OpenAI announced its latest generative AI model, Sora, yesterday (5th), which will allow users to generate short videos based on text input. Currently, the model is undergoing undisclosed safety and functionality tests.
Sora can generate high-quality videos up to one minute long based on user-provided text descriptions. It has the ability to create complex scene videos with multiple characters, specific actions, precise thematic details, and backgrounds. The underlying model has a deep understanding of language, enabling it to accurately interpret user prompts and generate characters that express vivid emotions. It can also create multiple scenes in a single short video, maintaining consistent characters and visual styles across different scenes. OpenAI has already provided Sora for testing to a select group of red team practitioners, as well as a few visual designers, photographers, and producers to gather professional feedback.
Sora is similar to AI models released by Meta and Google, namely Emu Video and VideoPoet, respectively.
From a technical standpoint, Sora is a diffusion model that starts with a seemingly static noise frame and progressively generates a video by removing the noise. It builds upon the research of the DALL-E and GPT models, utilizing DALL-E 3’s recaptioning technique to generate highly descriptive text for visual training data. Consequently, it can produce videos based on user-text instructions. In addition to textual prompts, the model can also animate static images to generate videos. Sora has the capability to create new videos from scratch, extend existing videos, or fill in missing frames.

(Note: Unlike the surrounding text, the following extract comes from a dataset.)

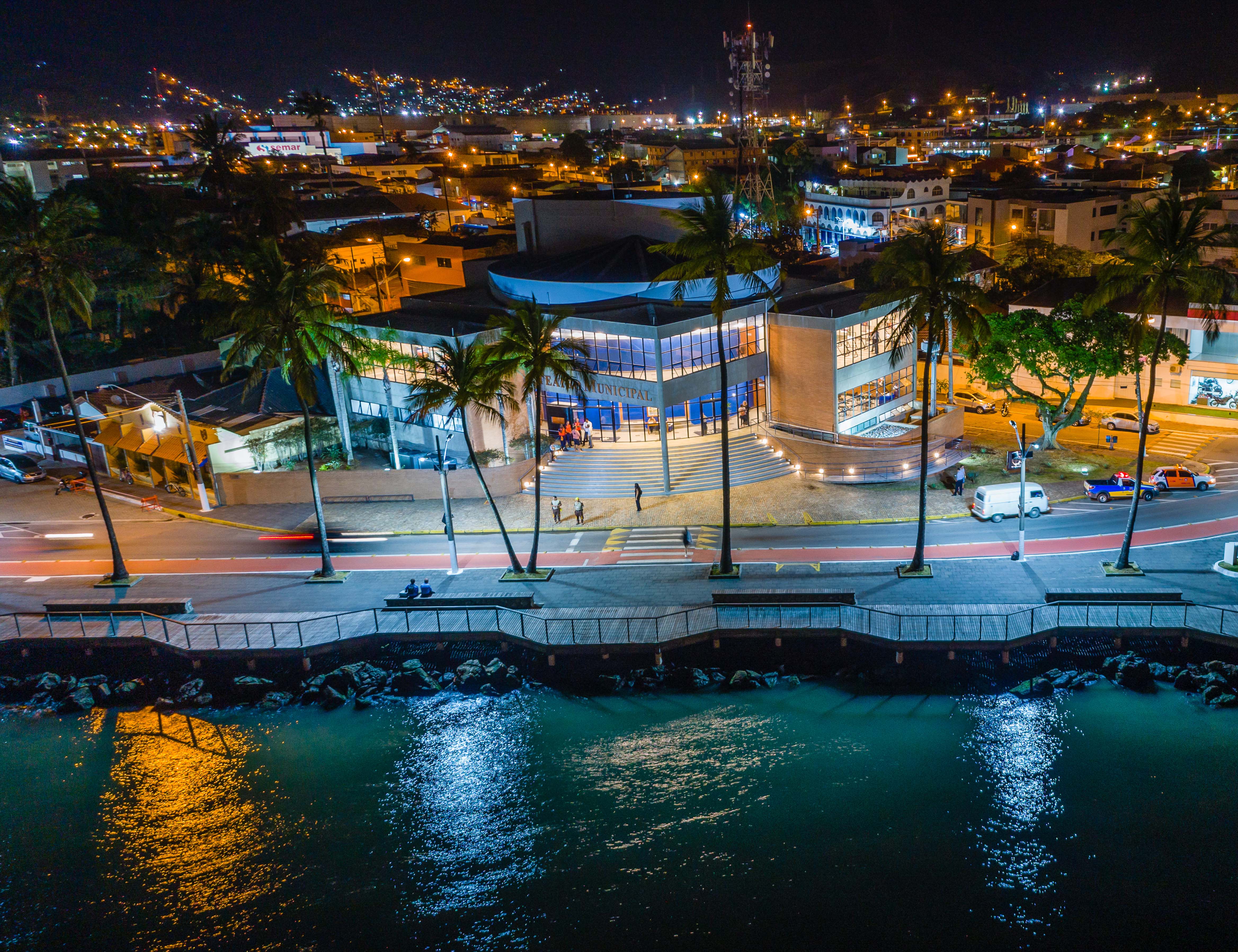 #PraTodosVerem: sequência de fotos do Centro Histórico de São Sebastião. As imagens mostram o Teatro Municipal iluminado à noite, o coreto e a igreja matriz cercados por árvores, e vistas aéreas da orla da Rua da Praia com praça, píer, mar e montanhas ao fundo. Fim da descrição.

OpenAI states that Sora serves as the foundation for a model capable of understanding and simulating the real world. The company believes it represents a significant milestone in achieving Artificial General Intelligence (AGI).

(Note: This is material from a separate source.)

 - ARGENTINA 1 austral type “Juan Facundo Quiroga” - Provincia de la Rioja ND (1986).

However, Sora still requires further improvement, particularly in accurately depicting complex scenes and understanding specific causal relationships. For instance, a character in the generated video may appear to take a bite of a cookie, but there is no visible bite mark on the cookie. Sometimes, the model may confuse details provided in the prompts, such as mixing up left and right, or inaccurately describing events that occur over a duration of time, such as tracking camera movements.
Before making Sora available to the public, OpenAI is actively reinforcing its safety testing. The company is conducting red team exercises to assess the model’s susceptibility to false information, hate content, and bias. The development team is also working on building tools to detect deceptive content, such as detection classifiers that can be applied during the video generation process.
To provide identification, OpenAI plans to incorporate C2PA metadata into the videos generated by Sora when it is deployed in OpenAI products. C2PA is an AI content recognition standard developed through collaboration between Meta and industry alliances. OpenAI has already included C2PA metadata in the images generated by DALL-E 3.
Furthermore, OpenAI will implement security measures for Sora using its existing safety technology. For example, a text classifier will reject prompts that violate usage policies, and an image classifier will review video frames to ensure compliance with policies. The company also commits to collaborating with lawmakers, educators, and artists to address concerns related to AI.